# THE PROBLEM:
I'd like the entries reproduced exactly, with all pictures omitted.
RECORDED INFORMATION: Begin
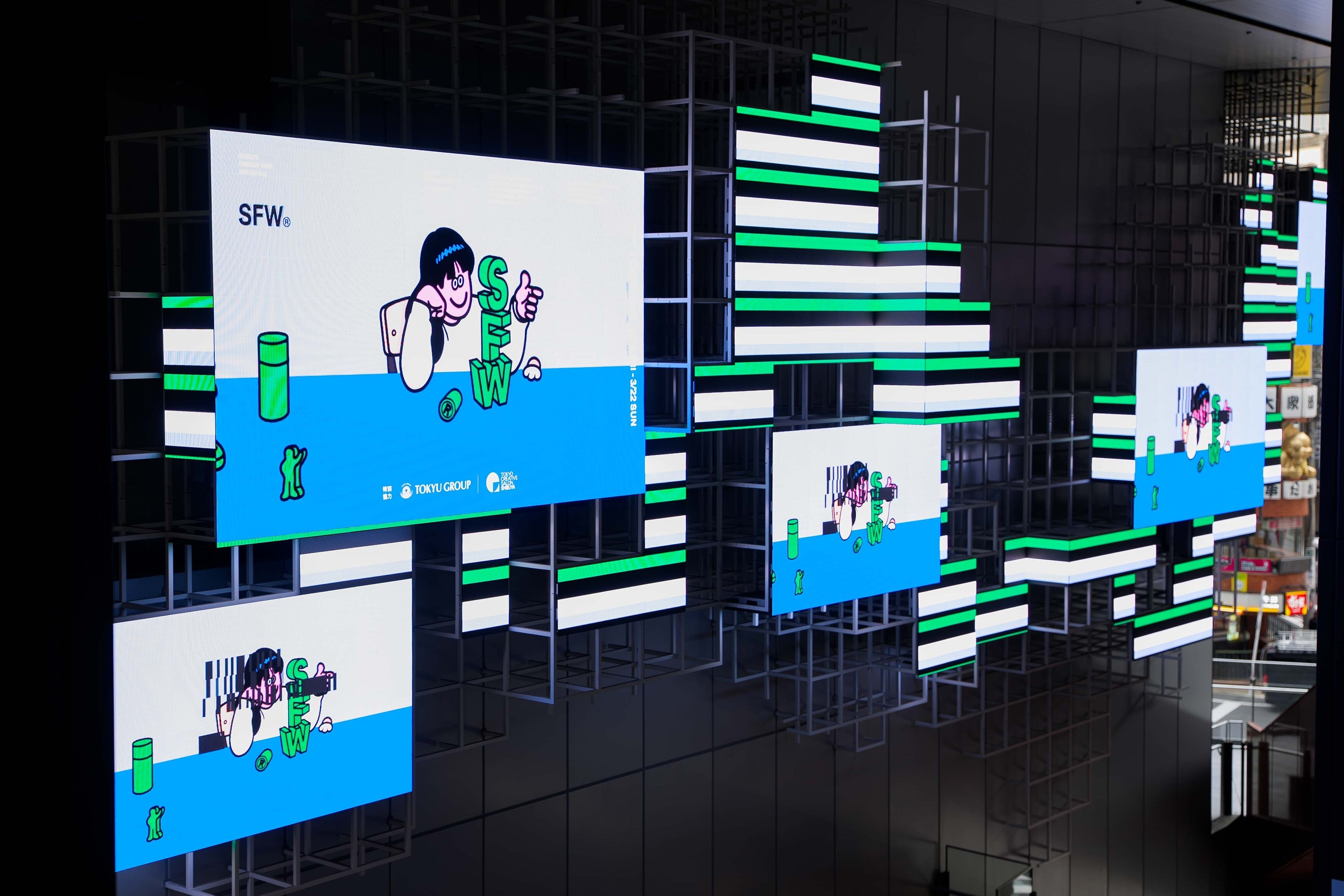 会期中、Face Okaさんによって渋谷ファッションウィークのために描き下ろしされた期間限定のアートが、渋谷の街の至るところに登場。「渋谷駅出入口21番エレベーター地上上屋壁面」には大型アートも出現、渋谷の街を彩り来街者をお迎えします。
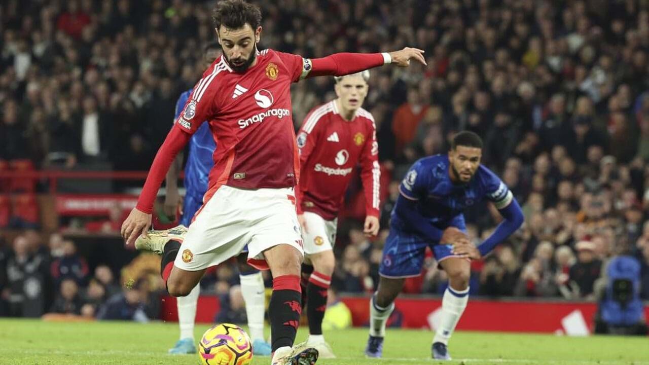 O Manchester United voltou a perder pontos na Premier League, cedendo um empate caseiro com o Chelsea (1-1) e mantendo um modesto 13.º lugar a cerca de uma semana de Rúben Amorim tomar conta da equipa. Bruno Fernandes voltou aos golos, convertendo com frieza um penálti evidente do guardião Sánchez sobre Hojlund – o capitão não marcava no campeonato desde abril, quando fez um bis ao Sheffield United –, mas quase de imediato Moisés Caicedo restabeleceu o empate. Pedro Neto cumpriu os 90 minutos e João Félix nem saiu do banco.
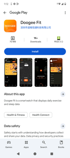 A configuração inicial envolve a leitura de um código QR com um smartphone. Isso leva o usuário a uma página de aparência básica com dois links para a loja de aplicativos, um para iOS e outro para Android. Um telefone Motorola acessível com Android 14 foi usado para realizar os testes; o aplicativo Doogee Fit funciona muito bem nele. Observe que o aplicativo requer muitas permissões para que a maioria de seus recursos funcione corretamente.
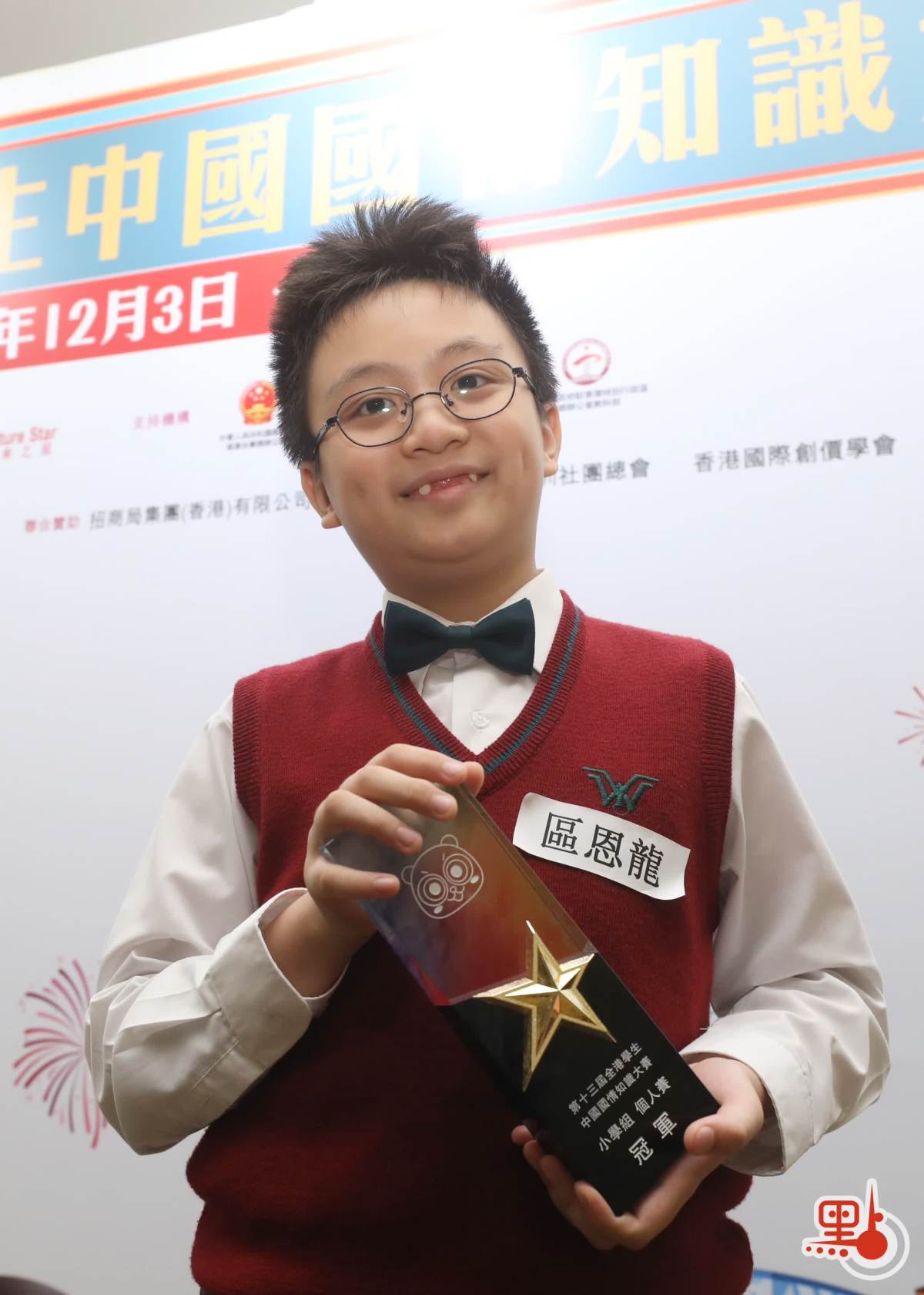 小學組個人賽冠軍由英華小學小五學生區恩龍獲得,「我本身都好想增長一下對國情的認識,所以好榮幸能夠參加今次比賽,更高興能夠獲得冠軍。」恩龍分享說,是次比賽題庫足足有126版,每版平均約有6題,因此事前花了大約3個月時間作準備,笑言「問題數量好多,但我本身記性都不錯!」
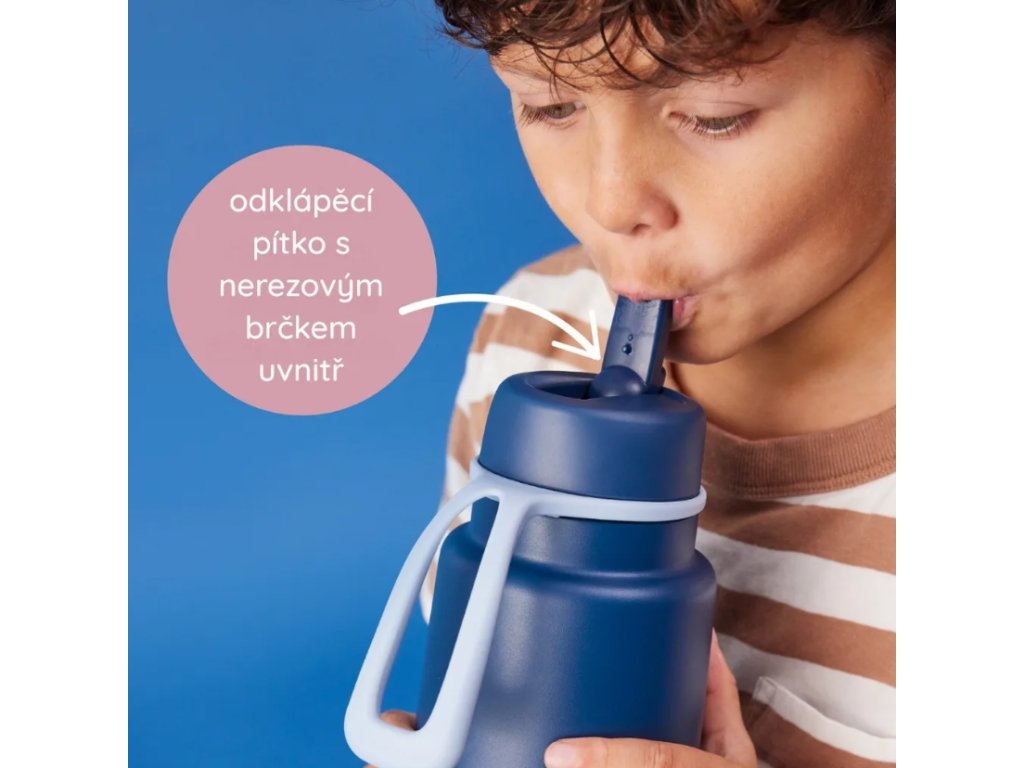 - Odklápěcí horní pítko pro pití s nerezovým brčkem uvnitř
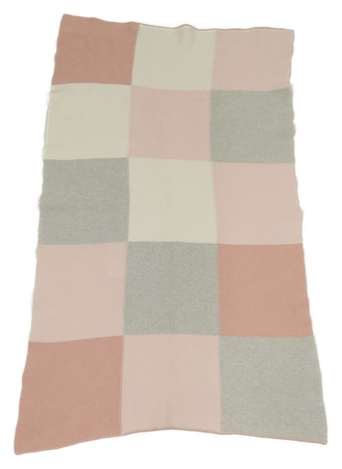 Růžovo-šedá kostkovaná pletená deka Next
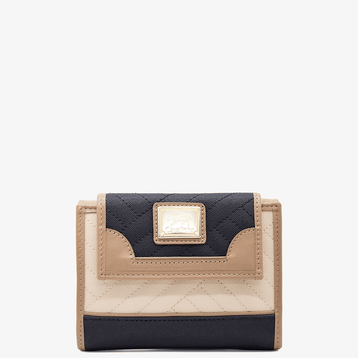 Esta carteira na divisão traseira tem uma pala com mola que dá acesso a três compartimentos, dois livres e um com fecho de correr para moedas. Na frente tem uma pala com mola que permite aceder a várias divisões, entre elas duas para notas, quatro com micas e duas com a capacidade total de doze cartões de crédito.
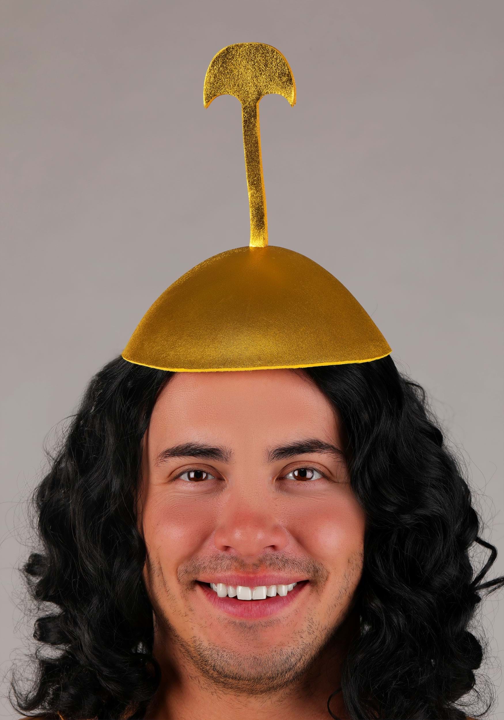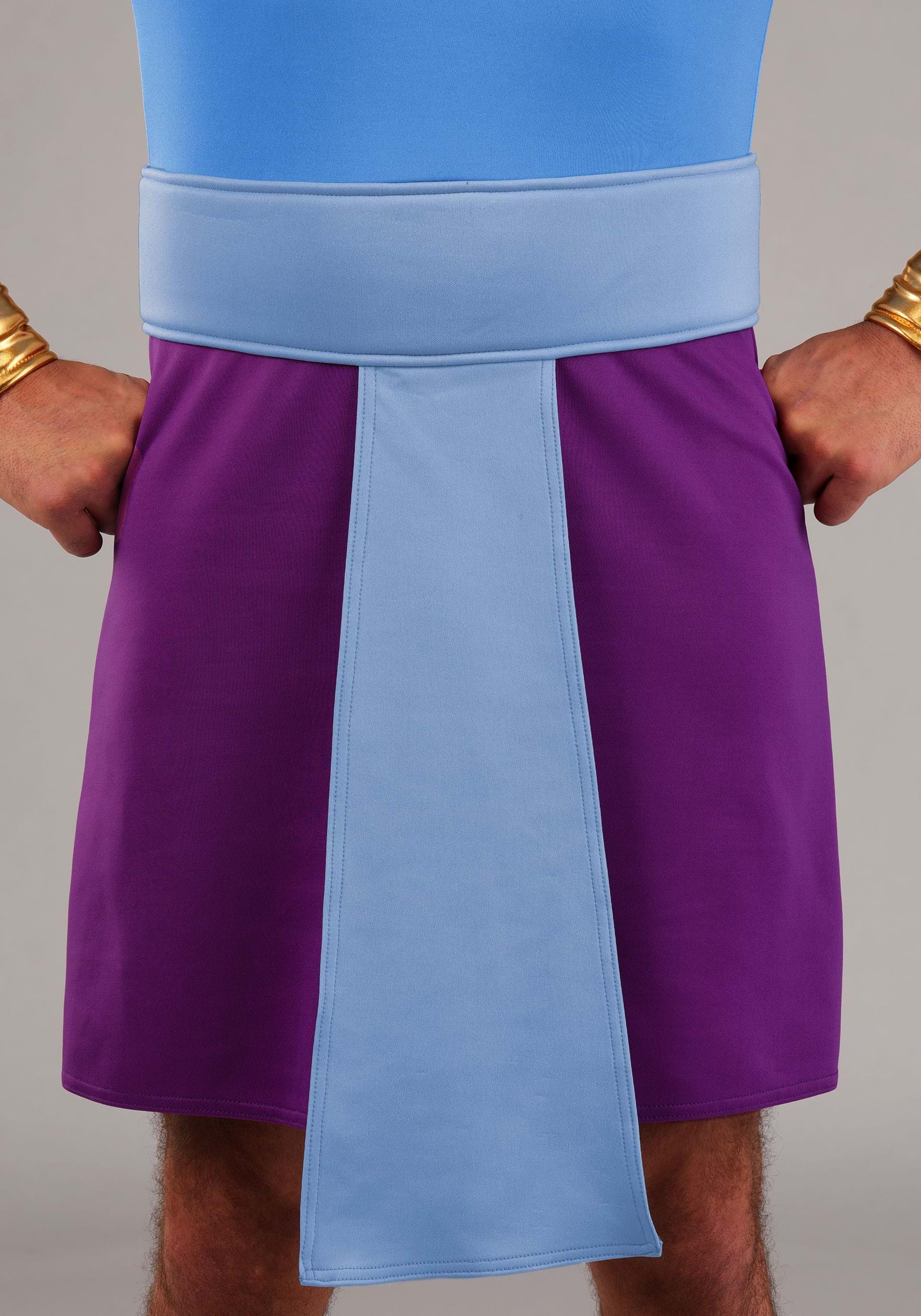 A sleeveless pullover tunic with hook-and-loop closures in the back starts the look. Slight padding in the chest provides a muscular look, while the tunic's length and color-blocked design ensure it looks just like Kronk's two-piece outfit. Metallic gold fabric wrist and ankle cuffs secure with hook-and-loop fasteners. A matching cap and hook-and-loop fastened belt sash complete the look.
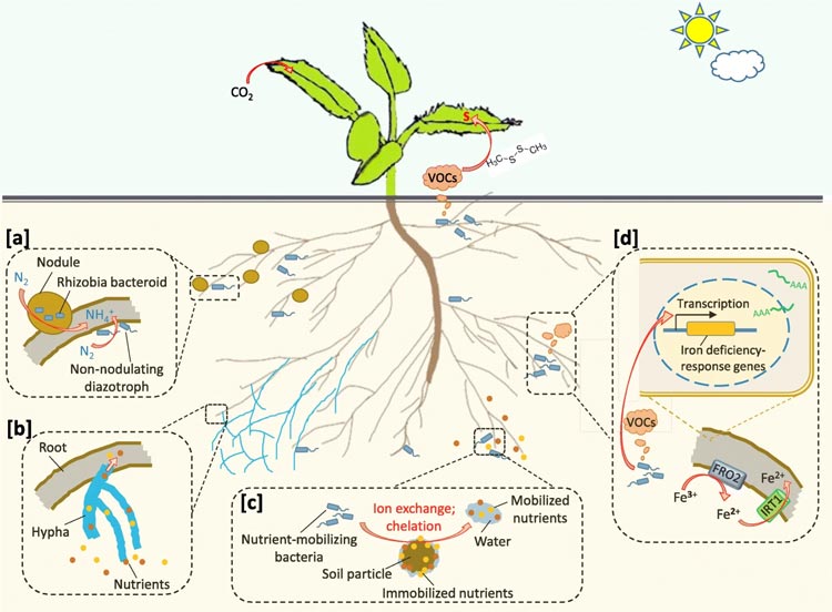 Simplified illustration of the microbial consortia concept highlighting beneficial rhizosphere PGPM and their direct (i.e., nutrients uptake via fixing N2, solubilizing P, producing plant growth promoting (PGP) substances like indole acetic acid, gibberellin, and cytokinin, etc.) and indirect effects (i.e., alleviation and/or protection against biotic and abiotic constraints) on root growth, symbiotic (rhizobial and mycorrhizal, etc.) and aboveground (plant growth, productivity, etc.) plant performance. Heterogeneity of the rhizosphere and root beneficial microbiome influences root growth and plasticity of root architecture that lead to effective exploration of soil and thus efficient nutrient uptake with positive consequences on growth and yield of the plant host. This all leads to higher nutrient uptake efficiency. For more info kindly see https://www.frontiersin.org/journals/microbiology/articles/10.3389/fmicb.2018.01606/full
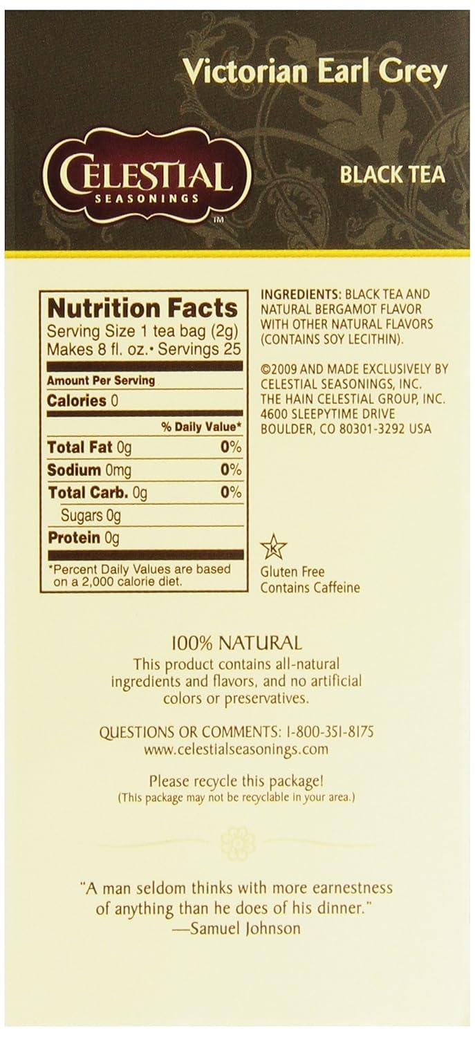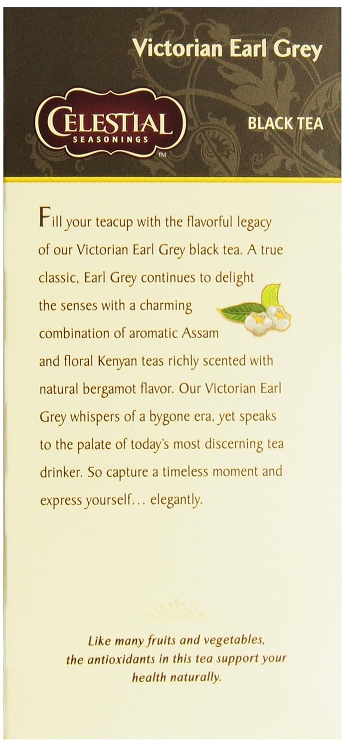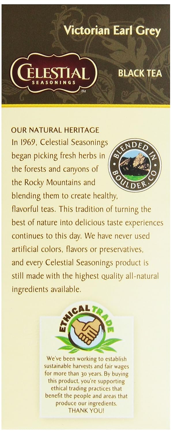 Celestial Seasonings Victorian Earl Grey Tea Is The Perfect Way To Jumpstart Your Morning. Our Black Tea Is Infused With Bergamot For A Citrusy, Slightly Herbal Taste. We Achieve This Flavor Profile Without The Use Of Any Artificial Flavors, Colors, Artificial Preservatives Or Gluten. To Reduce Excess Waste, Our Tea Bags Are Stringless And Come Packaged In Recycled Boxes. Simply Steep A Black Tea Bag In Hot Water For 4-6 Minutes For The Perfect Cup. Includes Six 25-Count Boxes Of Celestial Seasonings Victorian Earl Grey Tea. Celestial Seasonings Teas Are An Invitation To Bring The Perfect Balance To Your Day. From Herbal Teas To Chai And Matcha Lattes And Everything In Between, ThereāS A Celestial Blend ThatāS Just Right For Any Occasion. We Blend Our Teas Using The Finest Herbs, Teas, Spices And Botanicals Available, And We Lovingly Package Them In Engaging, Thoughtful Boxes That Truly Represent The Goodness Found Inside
RECORDED INFORMATION: End
# RESULT OF THIS TASK:
 会期中、Face Okaさんによって渋谷ファッションウィークのために描き下ろしされた期間限定のアートが、渋谷の街の至るところに登場。「渋谷駅出入口21番エレベーター地上上屋壁面」には大型アートも出現、渋谷の街を彩り来街者をお迎えします。
 O Manchester United voltou a perder pontos na Premier League, cedendo um empate caseiro com o Chelsea (1-1) e mantendo um modesto 13.º lugar a cerca de uma semana de Rúben Amorim tomar conta da equipa. Bruno Fernandes voltou aos golos, convertendo com frieza um penálti evidente do guardião Sánchez sobre Hojlund – o capitão não marcava no campeonato desde abril, quando fez um bis ao Sheffield United –, mas quase de imediato Moisés Caicedo restabeleceu o empate. Pedro Neto cumpriu os 90 minutos e João Félix nem saiu do banco.
 A configuração inicial envolve a leitura de um código QR com um smartphone. Isso leva o usuário a uma página de aparência básica com dois links para a loja de aplicativos, um para iOS e outro para Android. Um telefone Motorola acessível com Android 14 foi usado para realizar os testes; o aplicativo Doogee Fit funciona muito bem nele. Observe que o aplicativo requer muitas permissões para que a maioria de seus recursos funcione corretamente.
 小學組個人賽冠軍由英華小學小五學生區恩龍獲得,「我本身都好想增長一下對國情的認識,所以好榮幸能夠參加今次比賽,更高興能夠獲得冠軍。」恩龍分享說,是次比賽題庫足足有126版,每版平均約有6題,因此事前花了大約3個月時間作準備,笑言「問題數量好多,但我本身記性都不錯!」
 - Odklápěcí horní pítko pro pití s nerezovým brčkem uvnitř
 Růžovo-šedá kostkovaná pletená deka Next
 Esta carteira na divisão traseira tem uma pala com mola que dá acesso a três compartimentos, dois livres e um com fecho de correr para moedas. Na frente tem uma pala com mola que permite aceder a várias divisões, entre elas duas para notas, quatro com micas e duas com a capacidade total de doze cartões de crédito.
 A sleeveless pullover tunic with hook-and-loop closures in the back starts the look. Slight padding in the chest provides a muscular look, while the tunic's length and color-blocked design ensure it looks just like Kronk's two-piece outfit. Metallic gold fabric wrist and ankle cuffs secure with hook-and-loop fasteners. A matching cap and hook-and-loop fastened belt sash complete the look.
 Simplified illustration of the microbial consortia concept highlighting beneficial rhizosphere PGPM and their direct (i.e., nutrients uptake via fixing N2, solubilizing P, producing plant growth promoting (PGP) substances like indole acetic acid, gibberellin, and cytokinin, etc.) and indirect effects (i.e., alleviation and/or protection against biotic and abiotic constraints) on root growth, symbiotic (rhizobial and mycorrhizal, etc.) and aboveground (plant growth, productivity, etc.) plant performance. Heterogeneity of the rhizosphere and root beneficial microbiome influences root growth and plasticity of root architecture that lead to effective exploration of soil and thus efficient nutrient uptake with positive consequences on growth and yield of the plant host. This all leads to higher nutrient uptake efficiency. For more info kindly see https://www.frontiersin.org/journals/microbiology/articles/10.3389/fmicb.2018.01606/full
 Celestial Seasonings Victorian Earl Grey Tea Is The Perfect Way To Jumpstart Your Morning. Our Black Tea Is Infused With Bergamot For A Citrusy, Slightly Herbal Taste. We Achieve This Flavor Profile Without The Use Of Any Artificial Flavors, Colors, Artificial Preservatives Or Gluten. To Reduce Excess Waste, Our Tea Bags Are Stringless And Come Packaged In Recycled Boxes. Simply Steep A Black Tea Bag In Hot Water For 4-6 Minutes For The Perfect Cup. Includes Six 25-Count Boxes Of Celestial Seasonings Victorian Earl Grey Tea. Celestial Seasonings Teas Are An Invitation To Bring The Perfect Balance To Your Day. From Herbal Teas To Chai And Matcha Lattes And Everything In Between, ThereāS A Celestial Blend ThatāS Just Right For Any Occasion. We Blend Our Teas Using The Finest Herbs, Teas, Spices And Botanicals Available, And We Lovingly Package Them In Engaging, Thoughtful Boxes That Truly Represent The Goodness Found Inside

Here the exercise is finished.